→ **AVAILABLE DATA**:
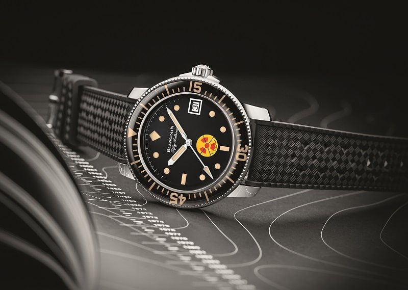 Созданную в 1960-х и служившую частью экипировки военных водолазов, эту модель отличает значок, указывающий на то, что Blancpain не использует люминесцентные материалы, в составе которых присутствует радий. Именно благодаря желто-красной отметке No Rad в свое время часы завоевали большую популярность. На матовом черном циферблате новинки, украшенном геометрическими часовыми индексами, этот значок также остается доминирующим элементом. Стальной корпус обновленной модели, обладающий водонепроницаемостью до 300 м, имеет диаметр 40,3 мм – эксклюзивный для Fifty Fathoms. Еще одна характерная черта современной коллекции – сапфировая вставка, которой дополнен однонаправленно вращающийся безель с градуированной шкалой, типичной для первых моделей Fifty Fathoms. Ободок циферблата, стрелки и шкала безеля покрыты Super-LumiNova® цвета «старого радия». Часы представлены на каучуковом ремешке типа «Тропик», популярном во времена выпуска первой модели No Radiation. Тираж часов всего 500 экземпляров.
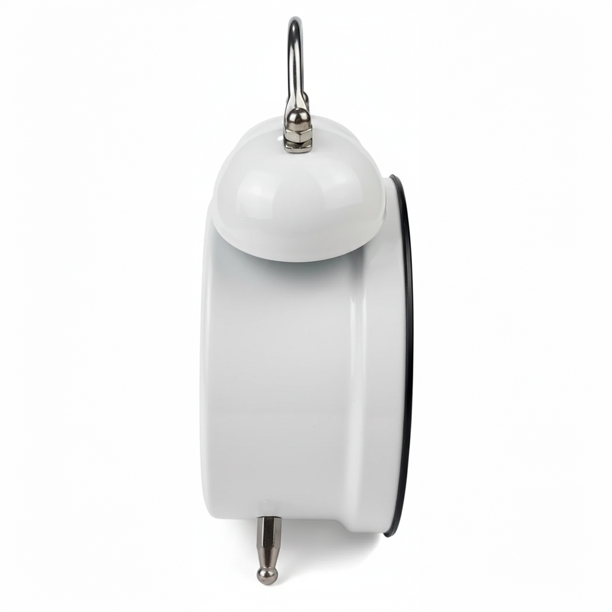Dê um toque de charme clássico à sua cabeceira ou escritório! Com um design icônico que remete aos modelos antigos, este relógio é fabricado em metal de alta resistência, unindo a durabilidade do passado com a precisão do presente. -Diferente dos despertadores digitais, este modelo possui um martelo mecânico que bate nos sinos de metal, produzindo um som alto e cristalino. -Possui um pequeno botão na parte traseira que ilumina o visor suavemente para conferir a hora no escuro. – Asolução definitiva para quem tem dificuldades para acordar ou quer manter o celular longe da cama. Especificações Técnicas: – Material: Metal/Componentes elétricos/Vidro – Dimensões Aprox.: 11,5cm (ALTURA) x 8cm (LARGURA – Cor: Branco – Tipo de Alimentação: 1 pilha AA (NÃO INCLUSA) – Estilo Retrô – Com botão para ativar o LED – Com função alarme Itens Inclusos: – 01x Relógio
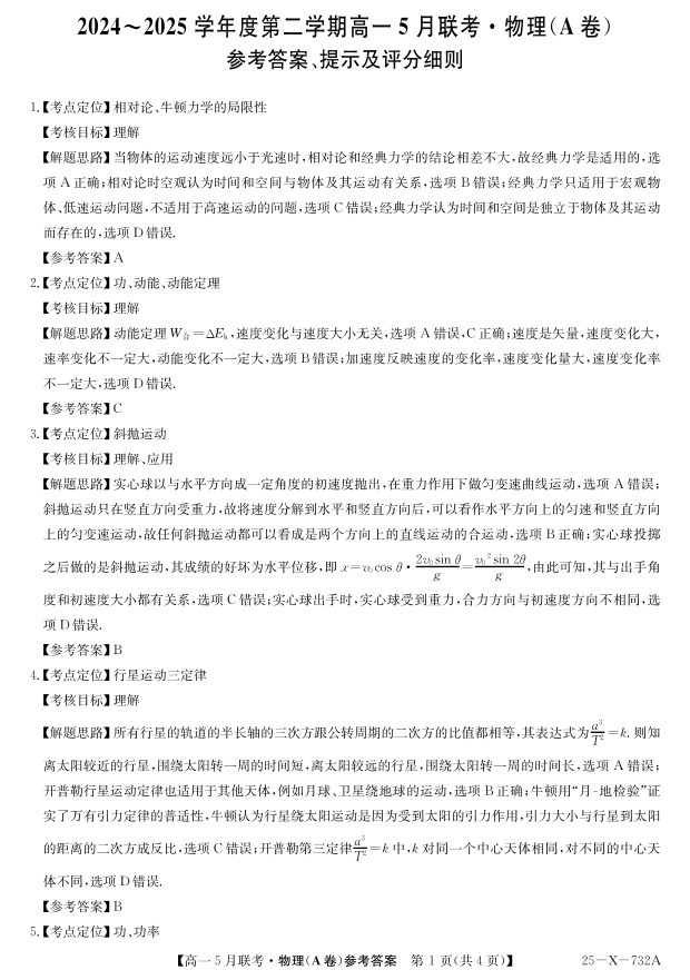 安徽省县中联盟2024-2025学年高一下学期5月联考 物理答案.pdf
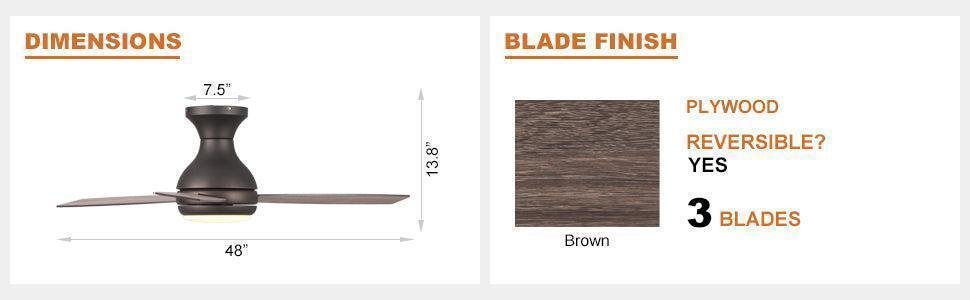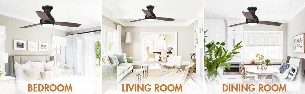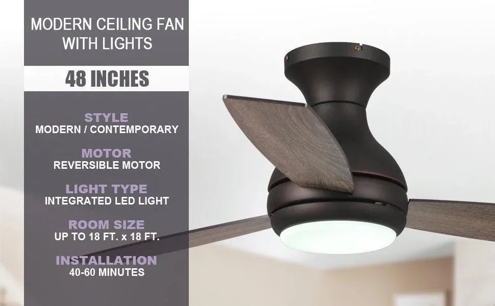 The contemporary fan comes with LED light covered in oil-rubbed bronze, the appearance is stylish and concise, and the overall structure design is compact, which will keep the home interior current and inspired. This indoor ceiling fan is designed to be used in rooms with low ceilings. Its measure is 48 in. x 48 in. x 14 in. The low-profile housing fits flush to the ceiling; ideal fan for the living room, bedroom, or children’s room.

→ **WHAT IS REQUIRED**: Repeat the listing in full and to the letter, excluding every image.

→ **SOLUTION**:
 Созданную в 1960-х и служившую частью экипировки военных водолазов, эту модель отличает значок, указывающий на то, что Blancpain не использует люминесцентные материалы, в составе которых присутствует радий. Именно благодаря желто-красной отметке No Rad в свое время часы завоевали большую популярность. На матовом черном циферблате новинки, украшенном геометрическими часовыми индексами, этот значок также остается доминирующим элементом. Стальной корпус обновленной модели, обладающий водонепроницаемостью до 300 м, имеет диаметр 40,3 мм – эксклюзивный для Fifty Fathoms. Еще одна характерная черта современной коллекции – сапфировая вставка, которой дополнен однонаправленно вращающийся безель с градуированной шкалой, типичной для первых моделей Fifty Fathoms. Ободок циферблата, стрелки и шкала безеля покрыты Super-LumiNova® цвета «старого радия». Часы представлены на каучуковом ремешке типа «Тропик», популярном во времена выпуска первой модели No Radiation. Тираж часов всего 500 экземпляров.
Dê um toque de charme clássico à sua cabeceira ou escritório! Com um design icônico que remete aos modelos antigos, este relógio é fabricado em metal de alta resistência, unindo a durabilidade do passado com a precisão do presente. -Diferente dos despertadores digitais, este modelo possui um martelo mecânico que bate nos sinos de metal, produzindo um som alto e cristalino. -Possui um pequeno botão na parte traseira que ilumina o visor suavemente para conferir a hora no escuro. – Asolução definitiva para quem tem dificuldades para acordar ou quer manter o celular longe da cama. Especificações Técnicas: – Material: Metal/Componentes elétricos/Vidro – Dimensões Aprox.: 11,5cm (ALTURA) x 8cm (LARGURA – Cor: Branco – Tipo de Alimentação: 1 pilha AA (NÃO INCLUSA) – Estilo Retrô – Com botão para ativar o LED – Com função alarme Itens Inclusos: – 01x Relógio
 安徽省县中联盟2024-2025学年高一下学期5月联考 物理答案.pdf
 The contemporary fan comes with LED light covered in oil-rubbed bronze, the appearance is stylish and concise, and the overall structure design is compact, which will keep the home interior current and inspired. This indoor ceiling fan is designed to be used in rooms with low ceilings. Its measure is 48 in. x 48 in. x 14 in. The low-profile housing fits flush to the ceiling; ideal fan for the living room, bedroom, or children’s room.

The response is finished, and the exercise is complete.